Submission Data Models

The darc.model.web module defines the data models to store the data crawled from the darc project.

See also

Please refer to darc.submit module for more information about data submission.

Hostname Records

The darc.model.web.hostname module defines the data model representing hostnames, specifically from new_host submission.

See also

Please refer to darc.submit.submit_new_host() for more information.

class darc.model.web.hostname.HostnameModel(*args, **kwargs)[source]

Bases: darc.model.abc.BaseModelWeb

Data model for a hostname record.

Important

The alive of a hostname is toggled if crawler() successfully requested a URL with such hostname.

DoesNotExist

alias of HostnameModelDoesNotExist

alive

If the hostname is still active.

We consider the hostname as inactive, only if all subsidiary URLs are inactive.

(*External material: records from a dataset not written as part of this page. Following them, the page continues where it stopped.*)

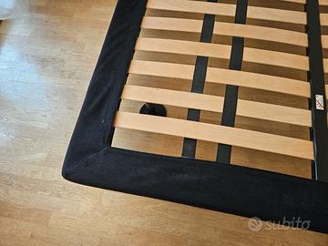 rete in doghe di legno con robusta struttura e piedini in acciaio nero bordo in gomma piuma rivestito in velluto nero. testata in legno nero opaco fissata direttamente alla struttura del letto. dimensioni 205x160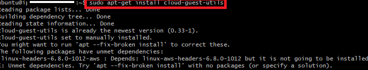 - growpart 명령어로 파티션의 크기를 늘립니다.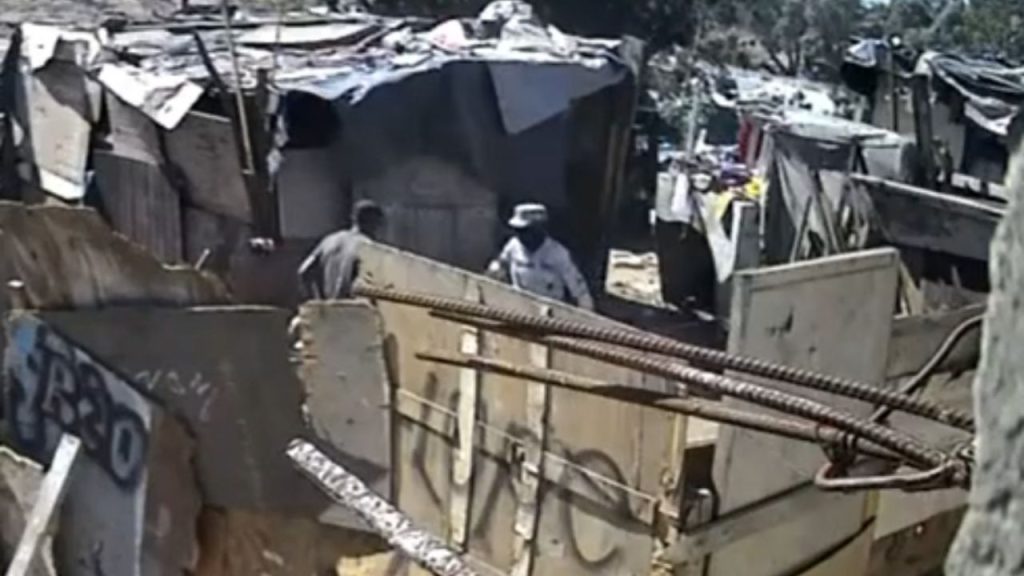 El presunto guardia es acompañado por otra persona, también de uniforme, gorra y chamarra negra, quien se mete a la vivienda elaborada con pedazos de cartón, lona y madera.

discovery: datetime.datetime = <DateTimeField: HostnameModel.discovery>

Timestamp of first new_host submission.

hostname: str = <TextField: HostnameModel.hostname>

Hostname (c.f. link.host).

hosts
id = <AutoField: HostnameModel.id>
last_seen: datetime.datetime = <DateTimeField: HostnameModel.last_seen>

Timestamp of last related submission.

proxy: darc.model.utils.Proxy = <IntEnumField: HostnameModel.proxy>

Proxy type (c.f. link.proxy).

robots
since

The hostname is active/inactive since such timestamp.

We confider the timestamp by the earlies timestamp of related subsidiary active/inactive URLs.

sitemaps
urls

URL Records

The darc.model.web.url module defines the data model representing URLs, specifically from requests and selenium submission.

See also

Please refer to darc.submit.submit_requests() and darc.submit.submit_selenium() for more information.

class darc.model.web.url.URLModel(*args, **kwargs)[source]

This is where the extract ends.